Oxidative stress is one of the negative effects produced by free radicals in the body, and it is believed to be an important factor leading to aging and disease [39]. A large amount of evidences accumulated over the past decades suggested that patients with RNA virus infections are under oxidative stress [5]. In response to this damage, cells protect themselves by using a variety of free radical scavengers, such as SOD, CAT, GSH-Px, and vitamins E and C [40]. T-AOC level is an important and direct index used to evaluate total radical scavenging activity. NO is a relatively short-lived inorganic free radical that is synthesized by the different isoforms of nitric oxide synthase NOS (i.e., nNOS, eNOS and iNOS) and can cause oxidative stress and fight against bacteria, parasites and viruses [41]. MDA is one of the main products of lipid peroxidation, and its elevated level reflects the degree of lipid peroxidation injury [42].
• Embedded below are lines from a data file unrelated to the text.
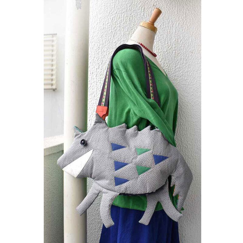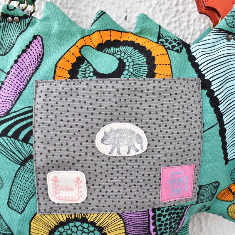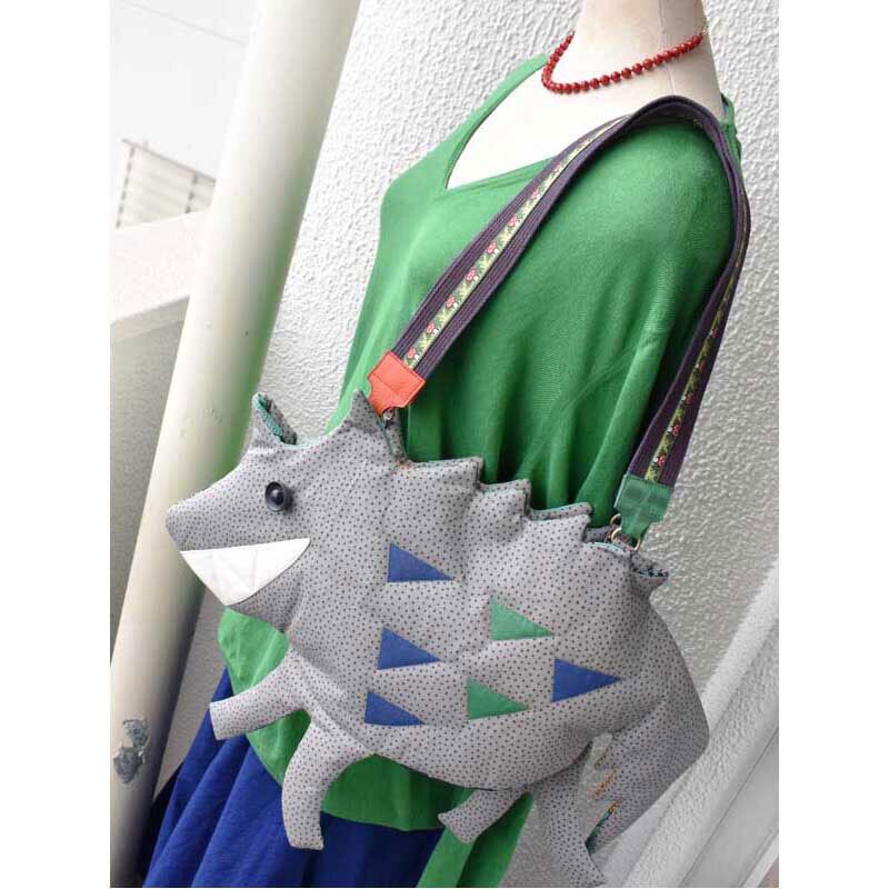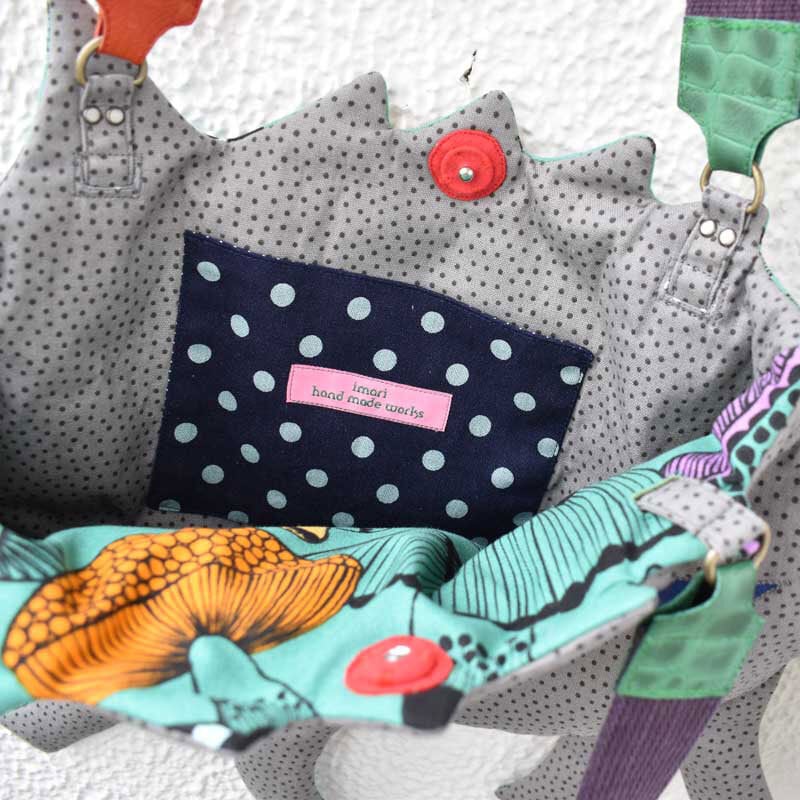 【キノコショルダー紐のオオカミさんバッグ・グレーのランダムドット】aika✕imariコラボ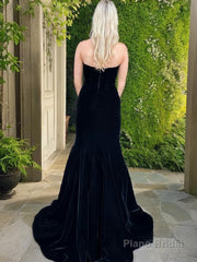 Trumpet/Mermaid Strapless Sweep Train Velvet Evening Dresses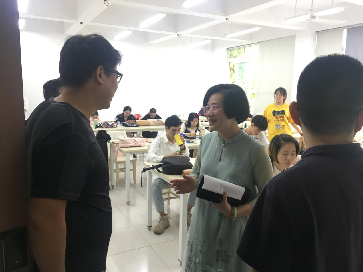 周四上午校领导潘玉驹、部门领导李密、校督导袁建国、美院领导谢子静、胡文超、美院教务科黄呼尔励,听了18美师3班《美术概论》张晓剑老师的课,张老师的课程幽默风趣有内涵。授课导入以3个为什么引导员工参与探讨,引入案例与实际例子引起员工深入思考,通过知识过渡与展开引导员工深化对问题的认识。张老师教态自然,语言表达逻辑强,在讲台、屏幕、员工之间游走保持与员工交流,达到了很好的积极互动与沟通效果,受到了听课领导的一致好评。 为了规范教学程序、提高教学质量、促进教风、学风建设。公司积极推行领导听课制度。领导干部提出宝贵意见,有助于教师发现问题,解决问题。 图:课堂生动打动听课人员 图:授课导入、知识过渡与展开 图:课后研讨 周二开课第一天,院领导谢子静、胡文超、顾任飞、杨丽君、教务科黄呼尔励巡查了公司各教室与课程,对师生们的上课状态及公司开学前教室设备等教学准备予以了肯定。 图:院领导、校督导讨论师生教学状态 图:院领导课间与教师交流 图:院领导探访教师工作室 图:部分课堂场景
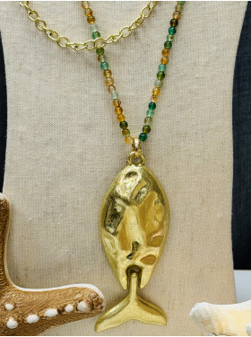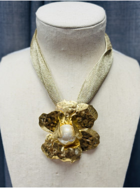 Original et élégant, ce collier de 46 cm associe de gros anneaux métalliques traversés par un tissu natté doré.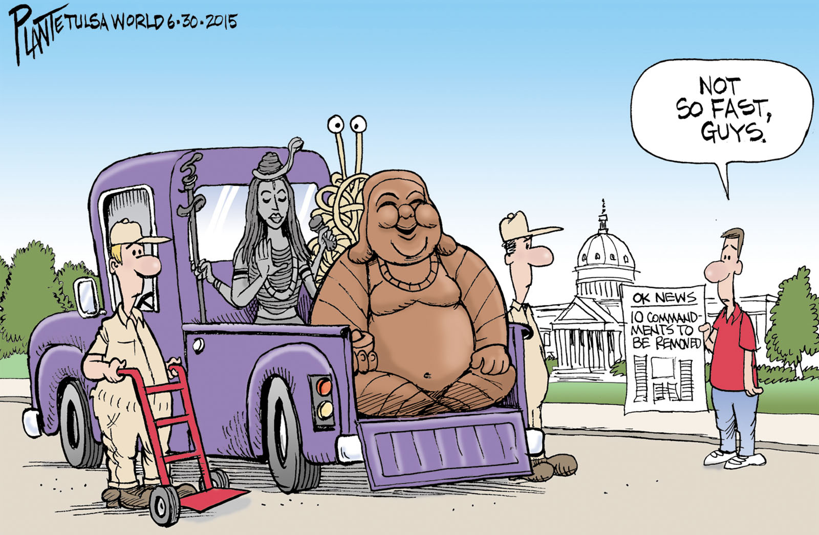 Tags/Keywords OK Ten Commandments Monument ruling, Oklahoma City, Oklahoma Constitution, Oklahoma Supreme Court, separation of religion and state, FILE: PlantB20150701 Reprint This CartoonBuy A PrintBuy The Original REPRINT THIS CARTOON Fill out the info below and I'll be in touch ASAP Your Name (required) Your Email (required) Details, Print, Digital, Circulation, etc. Please leave this field empty. BUY A PRINT OF THIS CARTOON Fill out the info below and I'll be in touch ASAP Your Name(required) Your Email(required) Details, Number of copies, Questions. Please leave this field empty. BUY THE ORIGINAL Originals may or may not be available. Fill out the info below and I'll be in touch ASAP Your Name (required) Your Email (required) Your Message Please leave this field empty.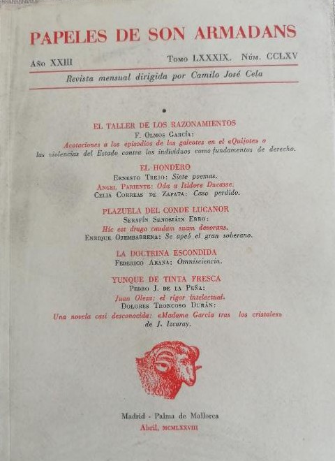 Papeles dee son armadans. Año XXIII TOMO LXXXIX Núm. CCLXV. Abril MCMLXXVIII 96pp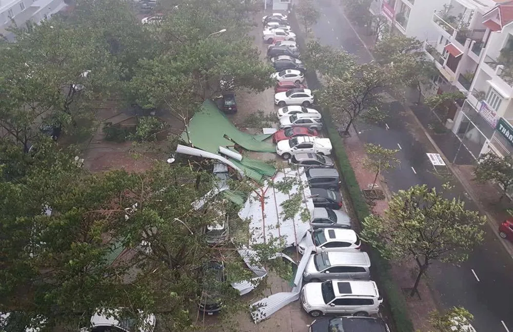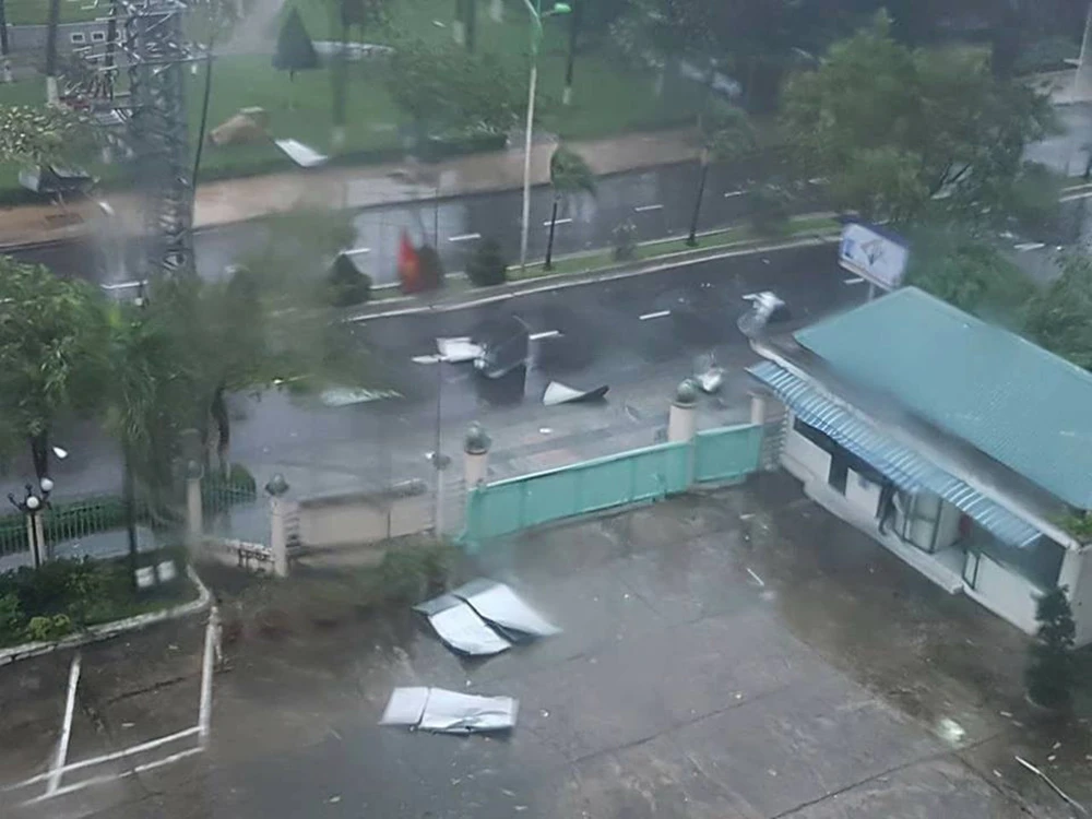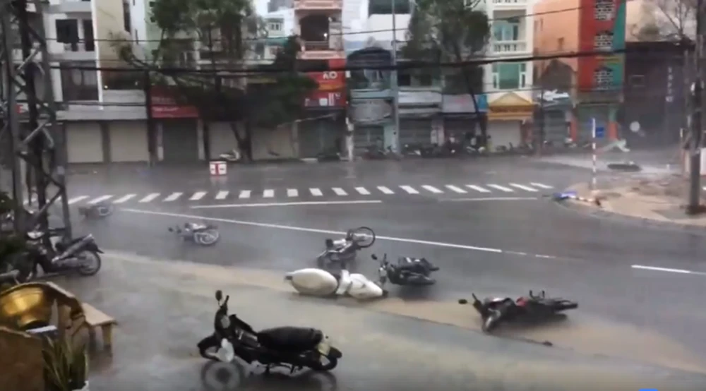 Trên đường phố Nha Trang tôn bay loạn xạ. Nhiều công trình bị hư hại, trụ bơm xăng gãy đổ...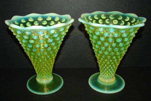 PAIR OF OPALESCENT VASELINE GLASS VASES. Hobnailed pattern. No mark. 5.5” H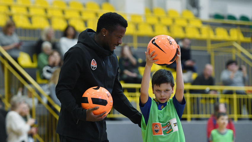 В первой тренировке приняли участие 25 ребят. Заниматься с ними приехали тренеры "Шахтера" Нуну Кампуш и Антониу Феррейра, а также игроки команды Андрей Тотовицкий и Оларенважу Кайоде. Звездные гости выполняли упражнения вместе с детьми, подбадривали их и показывали все на личном примере. В завершении ребята получили подарки и автографы и сделали совместное фото.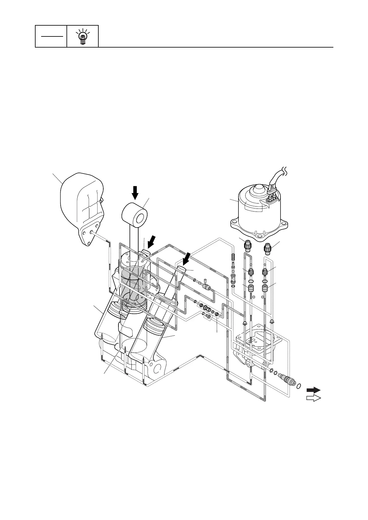 When the PTT switch is pressed to “DN,” the power trim and tilt motor operates the gear pump and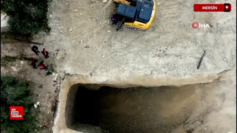 Mersin'de jandarma ekipleri iş makinesiyle define amaçlı kaçak kazı yapan ekipleri dron ile tespit edip suç üstü yakaladı.

The NOS plasma levels in both the VC and HRS groups were significantly higher than that in the BC group at 8 hpi (p < 0.05), and the level in the HRS group was the highest (Fig 2). Meanwhile, the SOD and T-AOC plasma levels were also significantly increased (p < 0.05). This indicates that NO might play a pivotal role against viral infections, and that HRS enhances its synthesis to more effectively inhibit viral proliferation. However, all the other indexes in the VC group were at the same level as those in the BC group, which might indicate that the metabolism of free radicals was in an almost balanced state, despite the injury (Table 4). In addition, the elevated levels of plasma SOD and T-AOC suggested that HRS enhanced the free radical scavenging effect. In the recovery phase (54 hpi), all of the indexes were significantly different between the VC and BC groups except NOS (p < 0.05). This suggests that the balance in free radical metabolism had been destroyed, resulting in large amounts of free radicals accumulating in the body. Meanwhile, the correlation analysis results showed that the hepatic function indexes, including ALT, AST and LDH, were positively related to MDA and NOS and negatively related to SOD, CAT, GSH-Px, and T-AOC (Table 5). This indicates that the large number of free radicals being generated caused the hepatic injury to become aggravated, resulting in significant increases in the levels of ALT, AST and LDH in the VC group (Table 4). Therefore, it is clear that peroxidation damage is an important contributor to DHAV-induced hepatic injury. The level of NOS in the VC group seemed to bounce back to a normal level, but a large number of other types of free radicals remained, except for NO and T-AOC, which was significantly decreased, suggesting that the free radical scavenging effect was attenuated (Table 5). It therefore made no sense to change the imbalance. On the contrary, in ducklings treated with HRS, all of the indexes presented as no difference than those in the BC group, suggesting that the hepatoprotective effect of HRS might be related to its antioxidant activity. However, there were dead ducklings after the balance returned and this remains unexplained. Further investigated is therefore required to further clarify these mechanisms.

Conclusion

The HRS prescription had superior anti-DHAV activity compared to the three single drugs both in vivo and in vitro. Research into the curative mechanism suggests that HRS confers a hepatoprotective effect that is closely linked to its antioxidant activity. These results indicate that the HRS prescription can be expected to be developed into a new candidate of anti-DHAV drug.